Bryce Eldridge's MS Thesis Abstract

Vision-Based Tool Calibration for Industrial Robots

MS, Colorado State University, May 2006

Major Professor: Anthony A. Maciejewski

As offline programming of industrial robotic systems becomes more prevalent, the need for accurate calibration techniques for components in an industrial robot cell increases. One of the factors required for successful offline programming is an accurate calibration of the robot’s tool frame. Excessive errors in the calibration of the tool frame will result in tool positioning errors that may render the system useless. Current methods for calibrating the tool frame are manual, time consuming, and often require a skilled operator. This thesis addresses the development of a simple, fast, vision-based method for calibrating the tool frame of an industrial robot.

Calibrating the tool frame is first examined from a mathematical perspective, in order to gain some insight into the nature of the problem. Then the basics of computer vision systems are reviewed, and a short discussion of camera calibration techniques is presented. Simulations of the vision-based tool calibration algorithm are then presented in both two and three dimensions, followed by a summary of the results obtained by testing the algorithm with an actual robotic welding system.
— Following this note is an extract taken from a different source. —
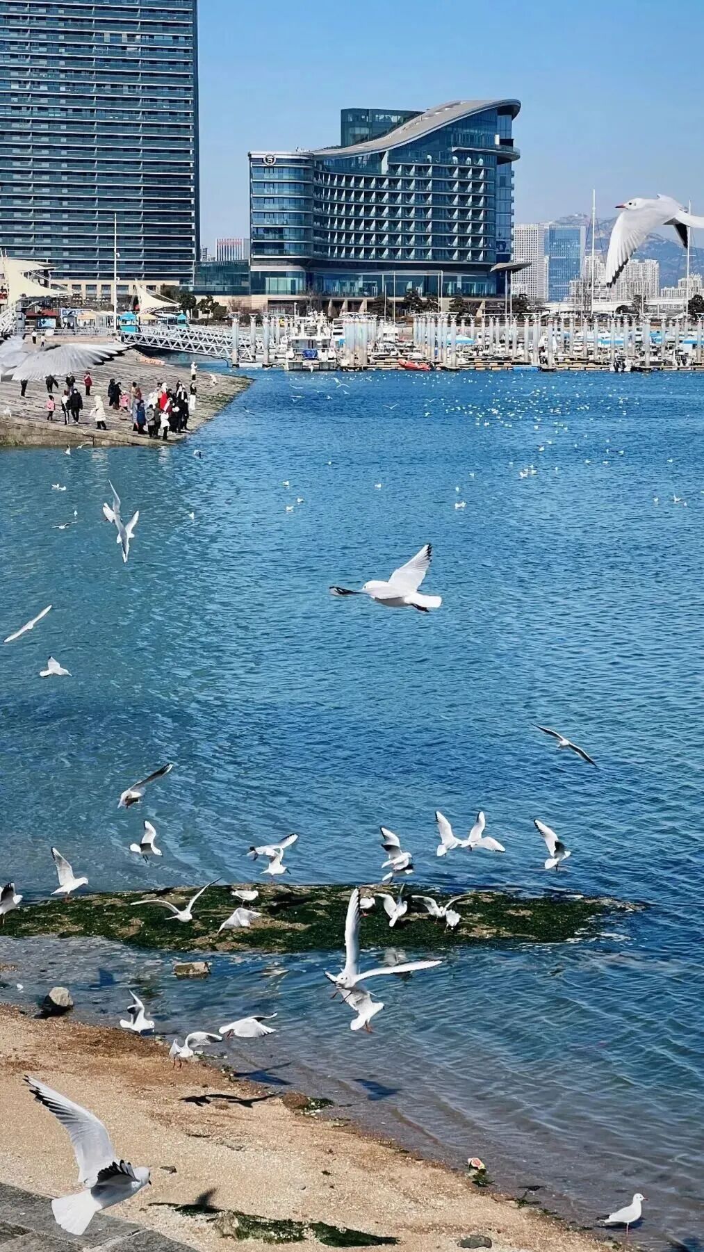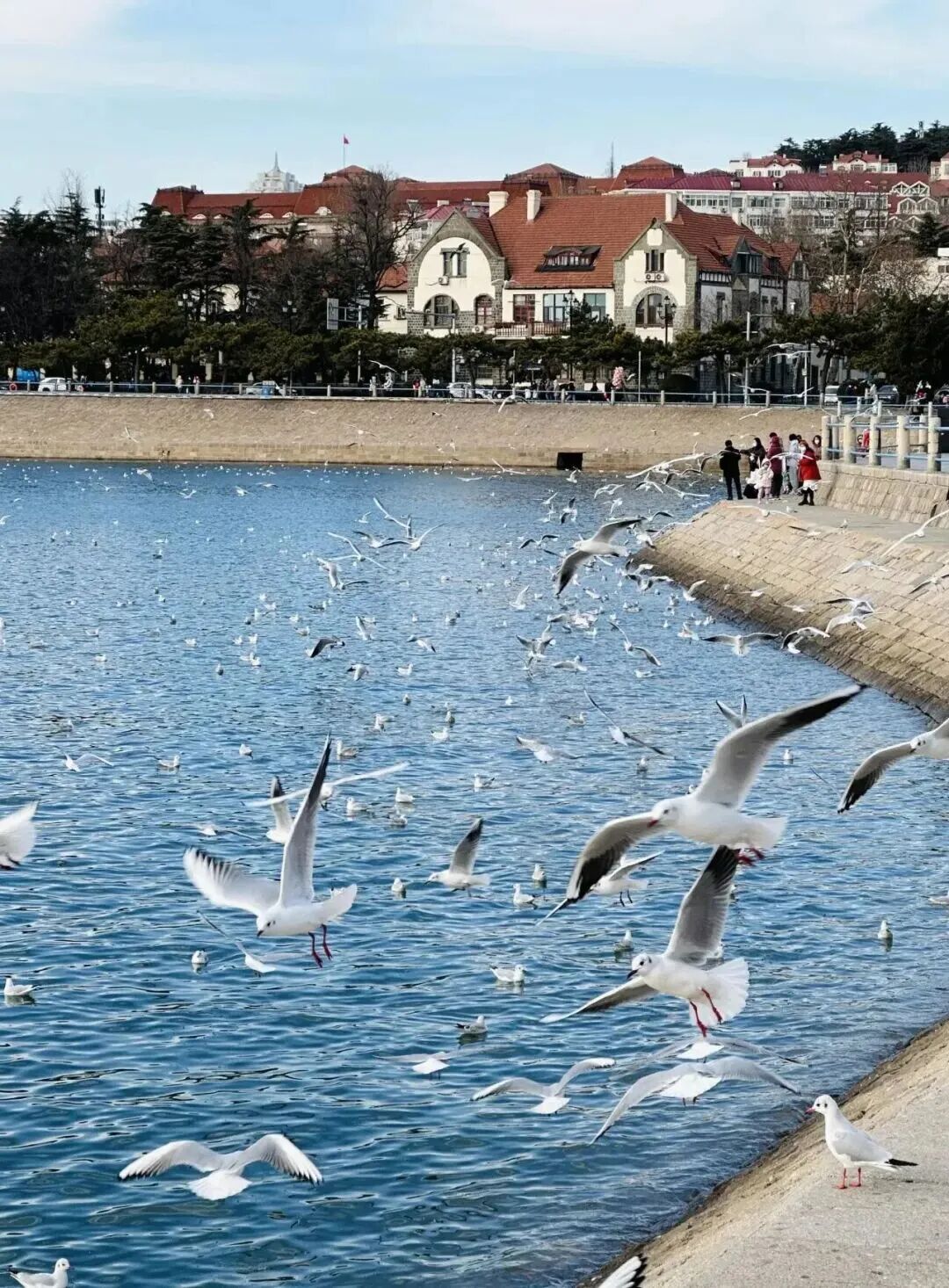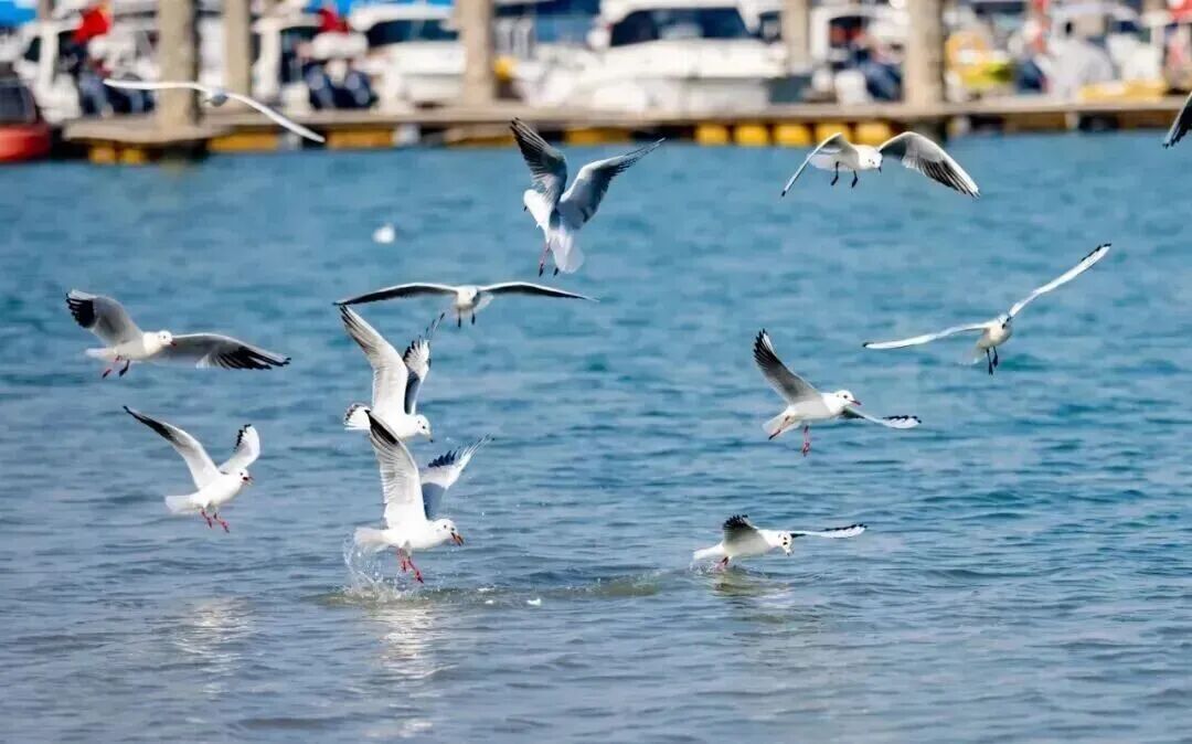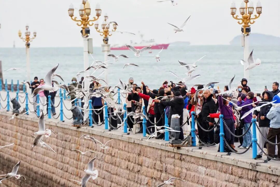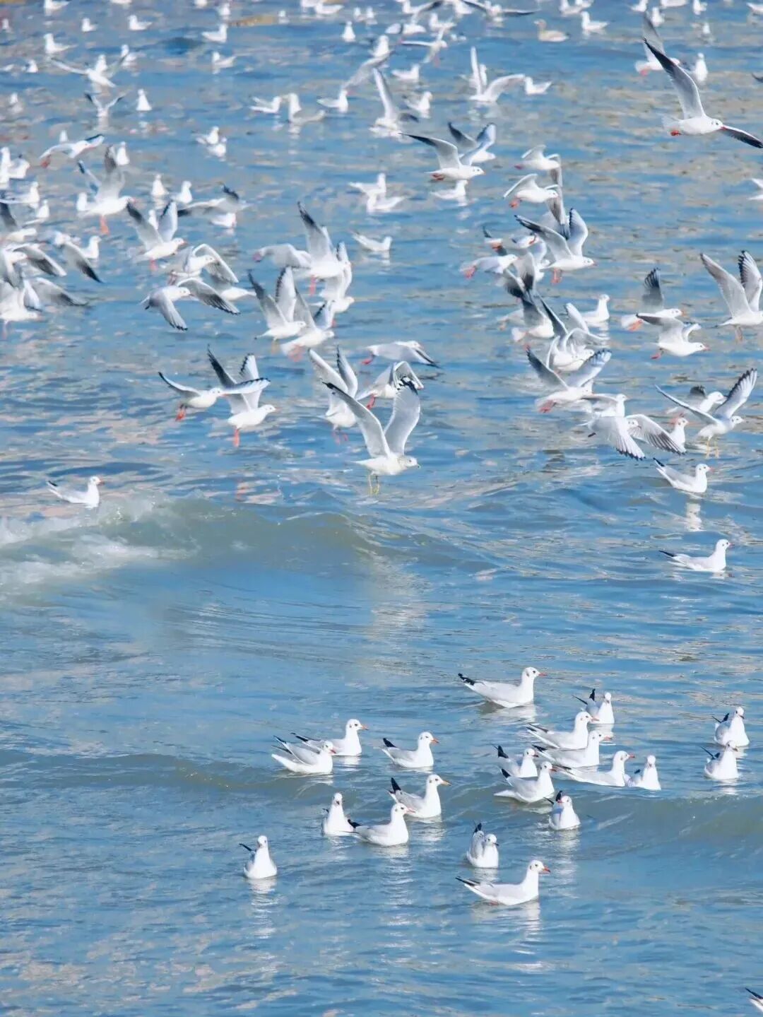 每年11月和12月是海鸥初到青岛的阶段,次年1月至3月则是海鸥聚集的高峰期,万鸥齐飞、盘旋争食的壮观场景时常上演,随手一拍都是大片。

The tool calibration algorithm presented here offers several advantages over the methods currently in use. First, the vision-based method is significantly faster than current methods while delivering comparable accuracy. Second, the presented method requires minimal calibration and setup. Third, the method is non-invasive, i.e., requires no contact with the tool, and does not use any special hardware other than a camera, enclosure, and associated image acquisition hardware. While vision-based methods are not appropriate for every situation, using them to calibrate the tool of an industrial robot offers a fast and accurate way of linking the offline programming environment to the real world.